■ Dataset records:
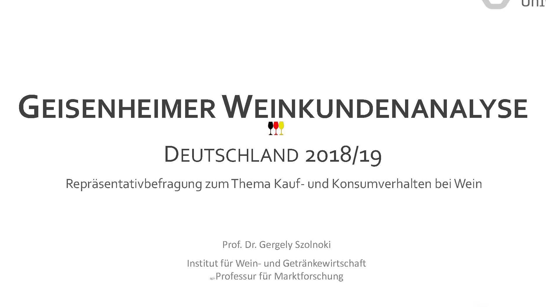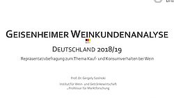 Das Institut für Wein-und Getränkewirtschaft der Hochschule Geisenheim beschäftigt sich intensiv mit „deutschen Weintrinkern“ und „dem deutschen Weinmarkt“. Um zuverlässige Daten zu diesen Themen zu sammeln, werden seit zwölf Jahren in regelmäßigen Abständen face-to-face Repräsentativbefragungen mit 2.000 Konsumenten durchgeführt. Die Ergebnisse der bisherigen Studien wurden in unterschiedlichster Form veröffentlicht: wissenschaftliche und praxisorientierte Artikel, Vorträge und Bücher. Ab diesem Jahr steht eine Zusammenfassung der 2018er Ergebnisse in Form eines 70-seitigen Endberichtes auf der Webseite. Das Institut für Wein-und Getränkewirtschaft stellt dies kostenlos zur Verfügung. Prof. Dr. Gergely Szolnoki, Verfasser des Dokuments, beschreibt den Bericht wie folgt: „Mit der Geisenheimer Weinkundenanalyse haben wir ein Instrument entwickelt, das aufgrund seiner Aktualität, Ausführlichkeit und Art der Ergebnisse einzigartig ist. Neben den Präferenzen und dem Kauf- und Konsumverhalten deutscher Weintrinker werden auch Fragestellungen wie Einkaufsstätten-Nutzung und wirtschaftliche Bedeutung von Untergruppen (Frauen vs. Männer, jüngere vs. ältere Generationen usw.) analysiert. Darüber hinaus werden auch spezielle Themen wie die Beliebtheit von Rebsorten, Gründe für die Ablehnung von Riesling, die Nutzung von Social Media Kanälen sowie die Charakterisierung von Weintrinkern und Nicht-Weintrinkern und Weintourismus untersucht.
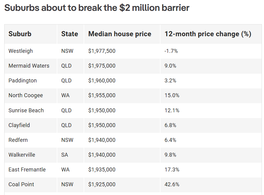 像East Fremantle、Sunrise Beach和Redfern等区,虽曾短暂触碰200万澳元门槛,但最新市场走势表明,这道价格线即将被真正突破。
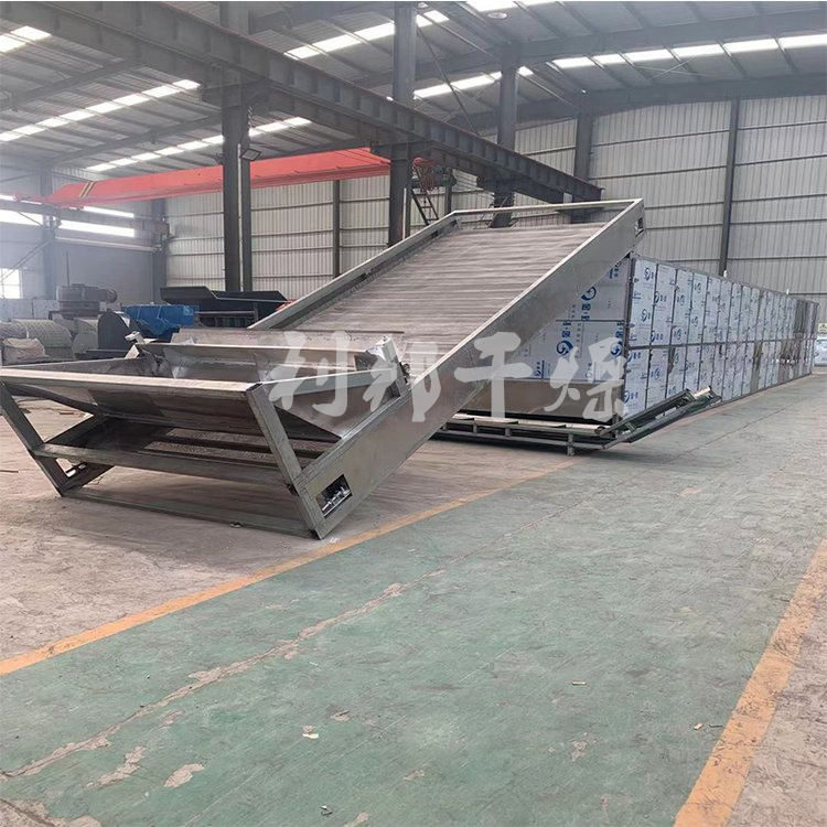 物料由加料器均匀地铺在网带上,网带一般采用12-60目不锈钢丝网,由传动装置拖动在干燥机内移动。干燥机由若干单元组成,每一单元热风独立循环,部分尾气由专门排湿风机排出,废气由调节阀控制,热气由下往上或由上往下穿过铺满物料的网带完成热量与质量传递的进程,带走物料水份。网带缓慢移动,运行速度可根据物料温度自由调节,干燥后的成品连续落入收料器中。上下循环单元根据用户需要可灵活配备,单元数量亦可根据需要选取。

==

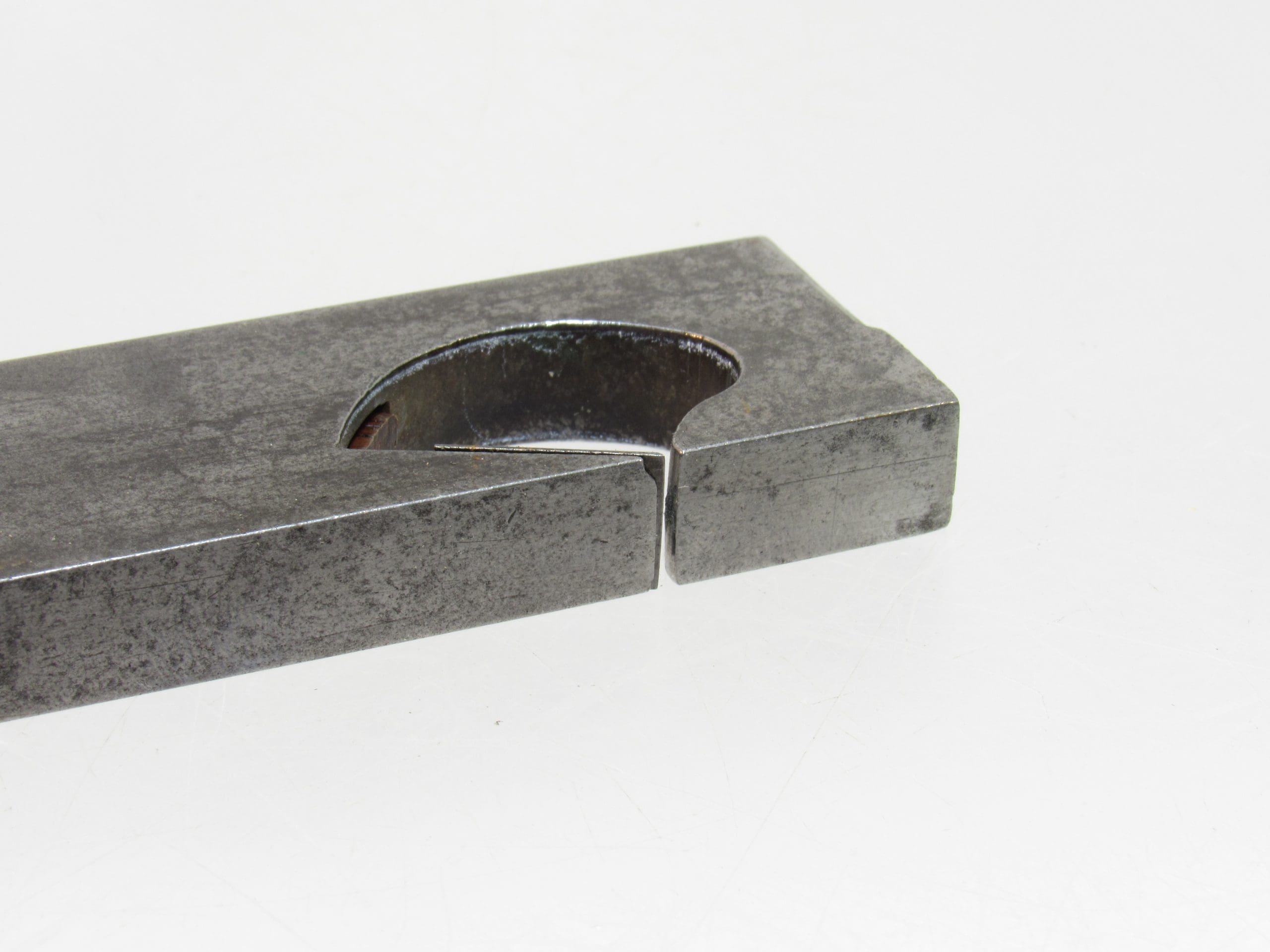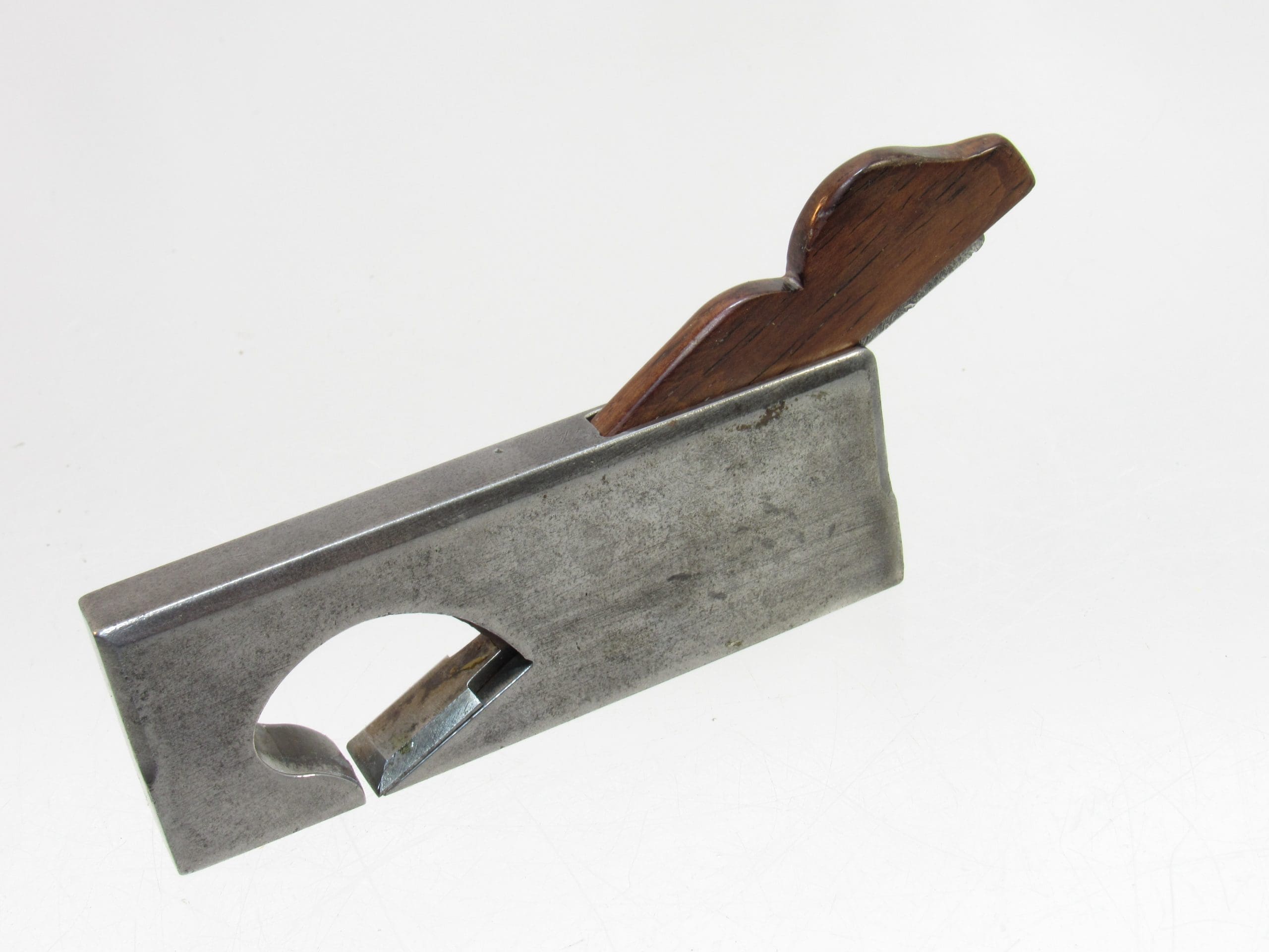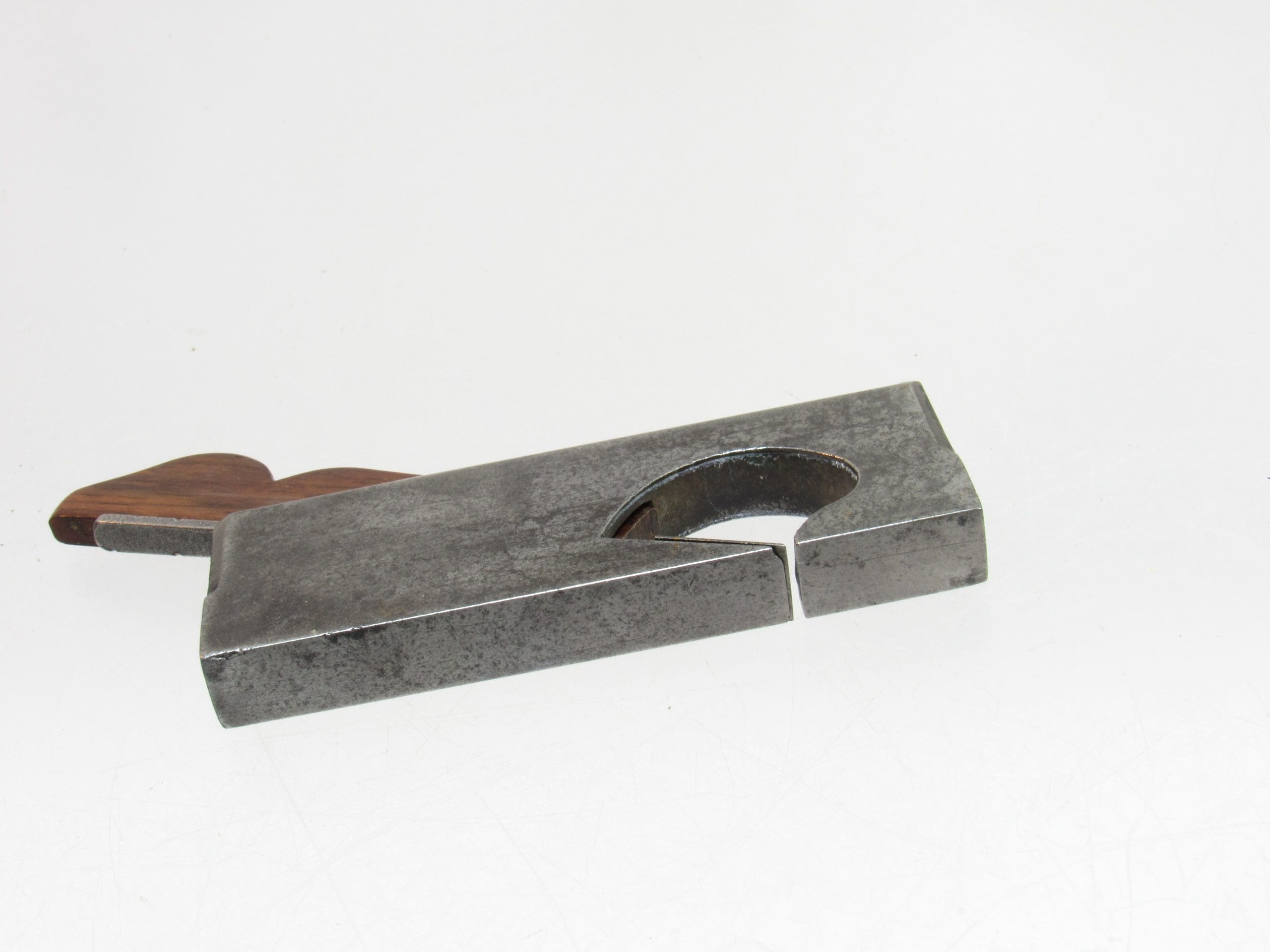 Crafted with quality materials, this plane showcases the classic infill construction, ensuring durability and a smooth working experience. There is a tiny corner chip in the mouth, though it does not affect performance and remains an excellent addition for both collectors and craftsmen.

■ What you are asked to do: Your answer should be the lines above, word for word, from the line with "Das Institut für Wein-und Getränkewirtschaft der" through the line with "物料由加料器均匀地铺在网带上", minus the pictures.

■ Answer:
 Das Institut für Wein-und Getränkewirtschaft der Hochschule Geisenheim beschäftigt sich intensiv mit „deutschen Weintrinkern“ und „dem deutschen Weinmarkt“. Um zuverlässige Daten zu diesen Themen zu sammeln, werden seit zwölf Jahren in regelmäßigen Abständen face-to-face Repräsentativbefragungen mit 2.000 Konsumenten durchgeführt. Die Ergebnisse der bisherigen Studien wurden in unterschiedlichster Form veröffentlicht: wissenschaftliche und praxisorientierte Artikel, Vorträge und Bücher. Ab diesem Jahr steht eine Zusammenfassung der 2018er Ergebnisse in Form eines 70-seitigen Endberichtes auf der Webseite. Das Institut für Wein-und Getränkewirtschaft stellt dies kostenlos zur Verfügung. Prof. Dr. Gergely Szolnoki, Verfasser des Dokuments, beschreibt den Bericht wie folgt: „Mit der Geisenheimer Weinkundenanalyse haben wir ein Instrument entwickelt, das aufgrund seiner Aktualität, Ausführlichkeit und Art der Ergebnisse einzigartig ist. Neben den Präferenzen und dem Kauf- und Konsumverhalten deutscher Weintrinker werden auch Fragestellungen wie Einkaufsstätten-Nutzung und wirtschaftliche Bedeutung von Untergruppen (Frauen vs. Männer, jüngere vs. ältere Generationen usw.) analysiert. Darüber hinaus werden auch spezielle Themen wie die Beliebtheit von Rebsorten, Gründe für die Ablehnung von Riesling, die Nutzung von Social Media Kanälen sowie die Charakterisierung von Weintrinkern und Nicht-Weintrinkern und Weintourismus untersucht.
 像East Fremantle、Sunrise Beach和Redfern等区,虽曾短暂触碰200万澳元门槛,但最新市场走势表明,这道价格线即将被真正突破。
 物料由加料器均匀地铺在网带上,网带一般采用12-60目不锈钢丝网,由传动装置拖动在干燥机内移动。干燥机由若干单元组成,每一单元热风独立循环,部分尾气由专门排湿风机排出,废气由调节阀控制,热气由下往上或由上往下穿过铺满物料的网带完成热量与质量传递的进程,带走物料水份。网带缓慢移动,运行速度可根据物料温度自由调节,干燥后的成品连续落入收料器中。上下循环单元根据用户需要可灵活配备,单元数量亦可根据需要选取。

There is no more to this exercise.